In suggesting the possibility of a multilateral treaty of this
kind, I would strongly urge against enmeshing it in the
machinery of the United Nations or even, in the first instance,
attempting to gain signatories outside the small circle of
industrialized nations.
Like
the GATT it
would be regarded primarily as a mechanism for creating a code
of rules among the major trading nations, reserving the
possibility that, over the years, it might provide a world
charter as more and more of the less-developed countries adhered
to its provisions.
Obviously such an international company would have a central
base of operations.
It would not, like
Mohammed's coffin, be suspended in the air, since it is clearly
necessary that there be a single profit center. And its
operations in its home country would, of course, be subject to
local law to the extent that the organic treaty did not contain
overriding regulations.
I recognize, of course, that a company will not become
effectively a citizen of the world merely by a legal laying on
of hands. It requires something more than an international
companies law to validate its passport; the enterprise must in
fact become international.
This means among
other things that share ownership in the parent must be widely
dispersed so that the company cannot be regarded as the
exclusive instrument of a particular nation, which, in view of
the underdeveloped state of most national capital markets even
in economically advanced countries, is not likely to occur very
soon.
But, over the long
pull, as, in more and more countries, savings are effectively
mobilized for investment, companies should assume an
increasingly denationalized character, while we might, at the
same time, expect a gradual internationalizing of Boards of
Directors and parent company managements.
VIII
I offer these suggestions in tentative and speculative terms,
recognizing that these are not the only means through which a
solution may be sought.
One can envisage an
international treaty, for example, directed solely at resolving
jurisdictional conflicts or limiting national restrictions on
trade and investment. Yet an international companies act, as I
see it, has intrinsic merits.
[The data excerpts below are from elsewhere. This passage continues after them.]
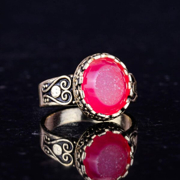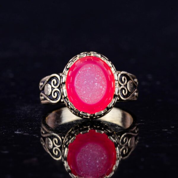 Bu altın kaplama 925 ayar gümüş yüzük, gerçek doğal druzy taş ile birlikte doğanın ham güzelliğini altının zarafeti ile harmanlıyor. Parlak yüzeyi ve benzersiz dokusu ile tanınan druzy taşı, bu vintage esintili ifade yüzüğüne doğal bir cazibe katıyor. İnce işçilikten hoşlananlar için mükemmel olan bu yüzük, lüks finisajı ve ayırt edici tasarımıyla ön plana çıkıyor.
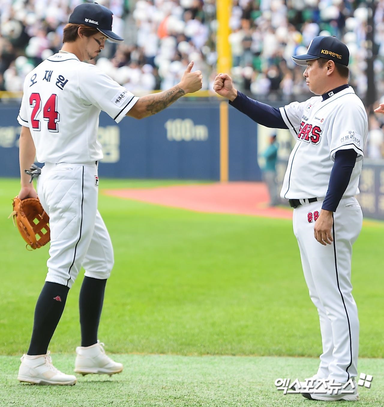 김 감독은 '오재원이 오늘 필승 카드인가?'를 묻는 취재진의 질문에 "필승 카드인 걸 어떻게 아셨냐"라고 농담을 던진 뒤 "오재원은 일단 감이 괜찮다. 경기를 나갈 때가 되지 않았나 생각한다"고 설명했다.
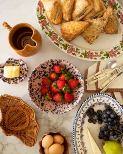 Featuring a beautiful hand-painted green and pink grapevine motif, Sharland England’s Vine Serving Platter is a timeless piece. The handmade ceramic platter is a must-have for hosting, bringing both character and elegance to your gatherings.
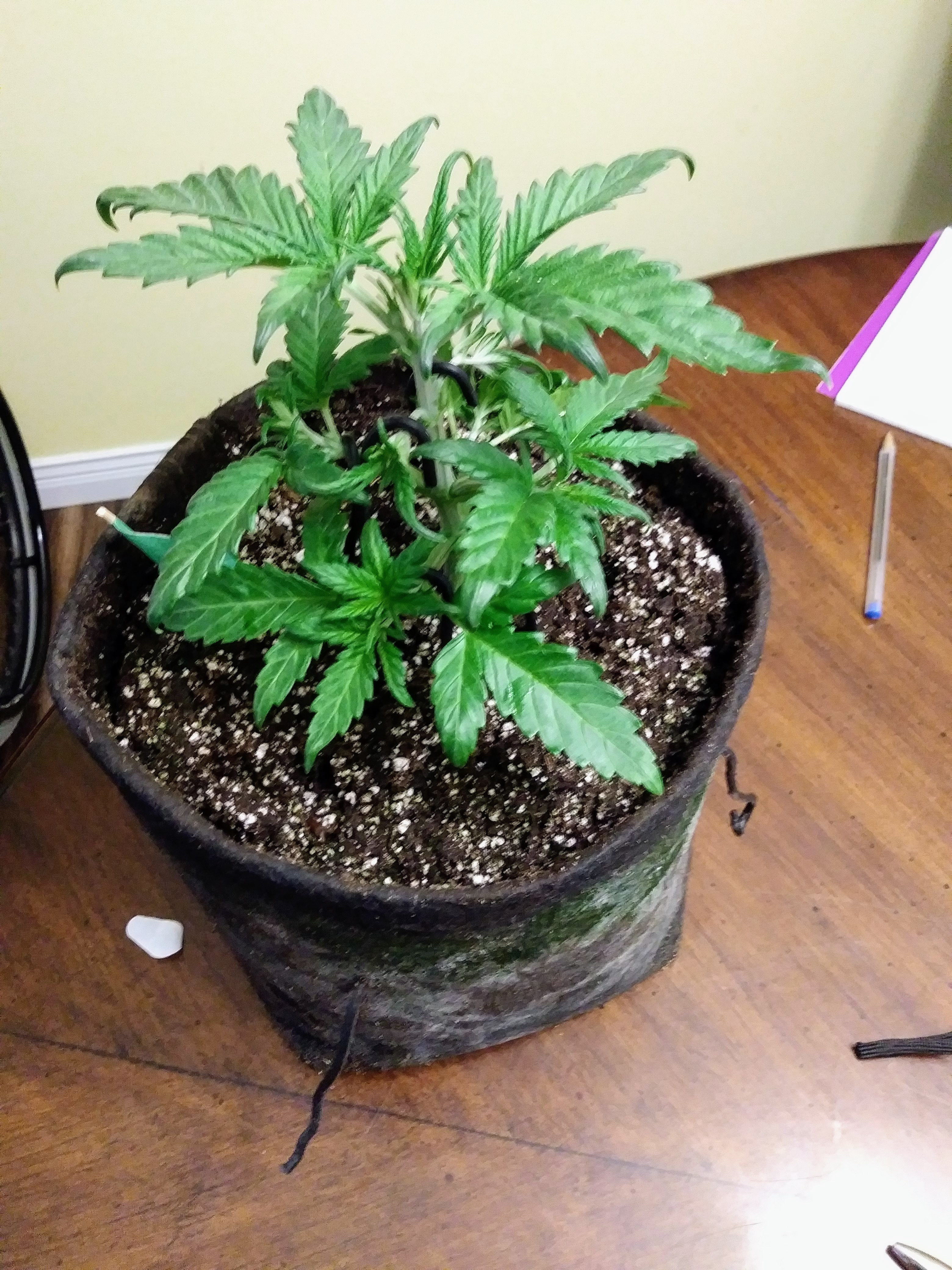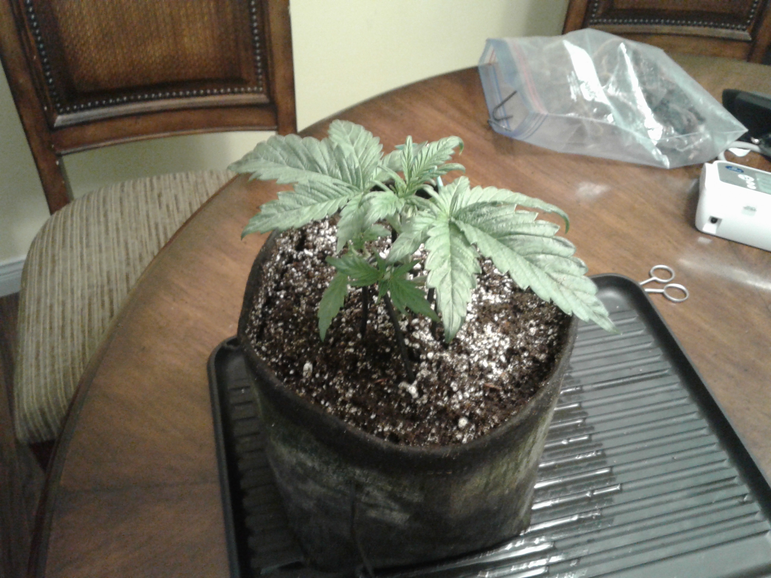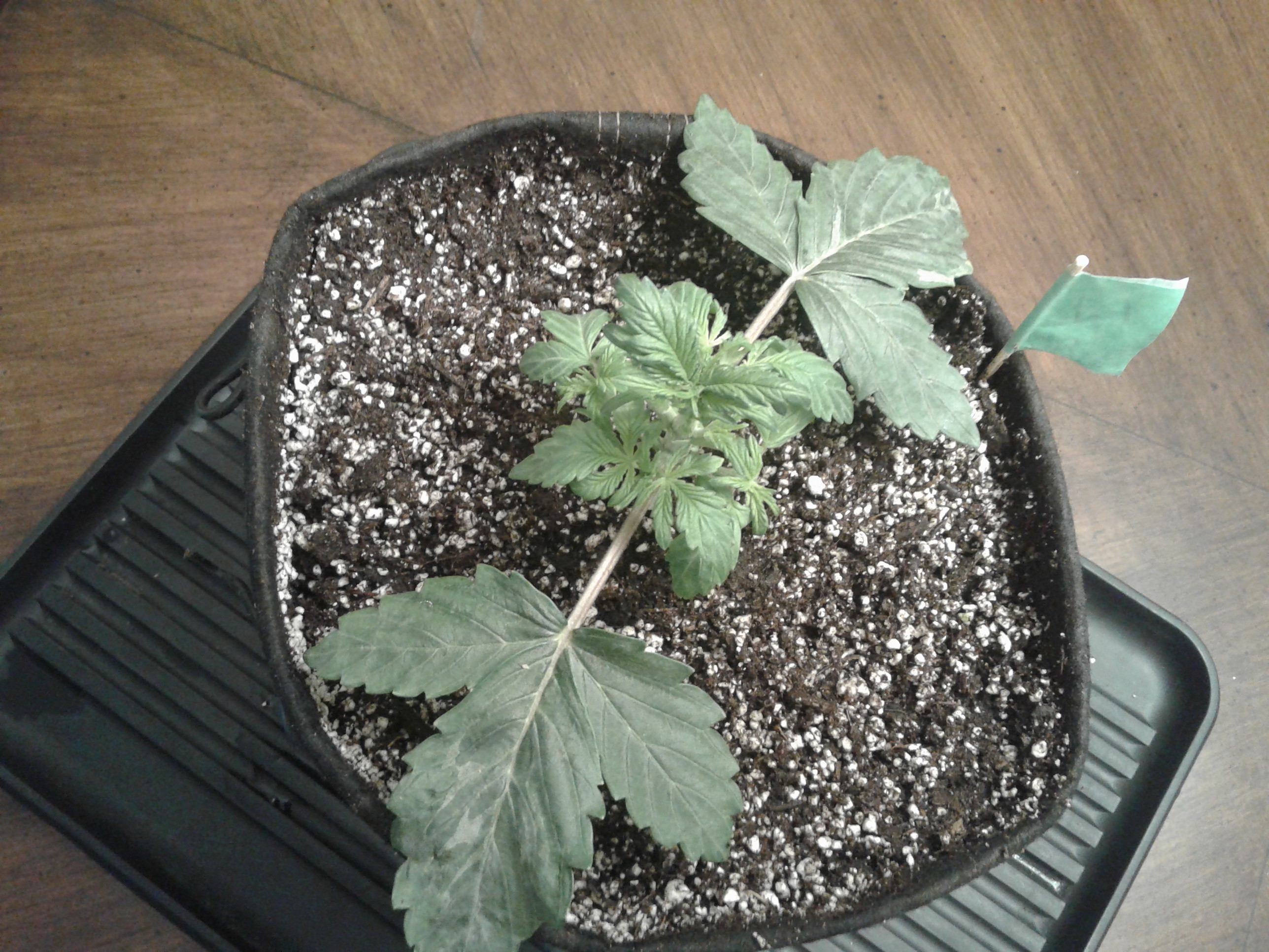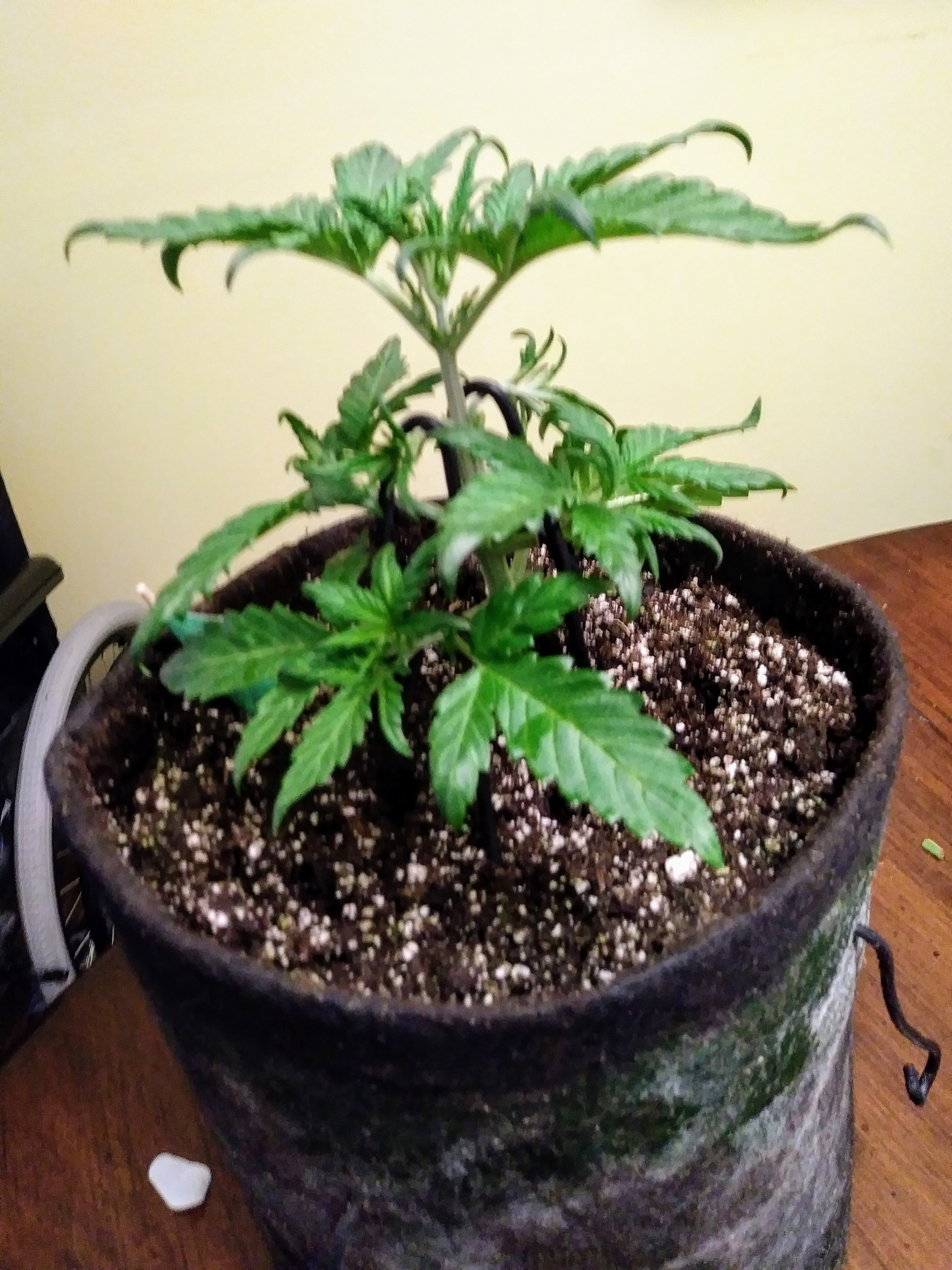White Widow - not being topped - being let to grow on her own - well, that's what I tell her. I'll definitely have a say in how she grows. Right now I cut off 2 sets of leaves. Left the 2 ugly leaves on the bottom as they are not blocking anything but are almost laying on the soil. Once a bit bigger I'll encourage the branches to grow away from the center.

It offers the best means I can
think of to preserve for all society the great potential of the
world corporation.
Nor is such a proposal, after all, far beyond the realm of
present-day contemplation.
It is merely an
adaptation in a larger arena of what is likely
to be created within the next few years in
Europe:
a common
companies law for the European Economic Community together
with a body of regulations to be administered by the
European Economic Commission.
Conceived in these
terms a world companies' law could serve a vital economic
purpose; yet at the same time its larger political implications
should not be wholly ignored.
Freeing world
business from national interference through the creation of
world instrumentalities would inevitably, over time, point up
the inadequacy of our political arrangements.
At least in a small
way it might thus serve to stimulate mankind to close the gap
between the archaic political structure of the world and the
visions of commerce that vault beyond confining national
boundaries to exploit the full promise of the world economy.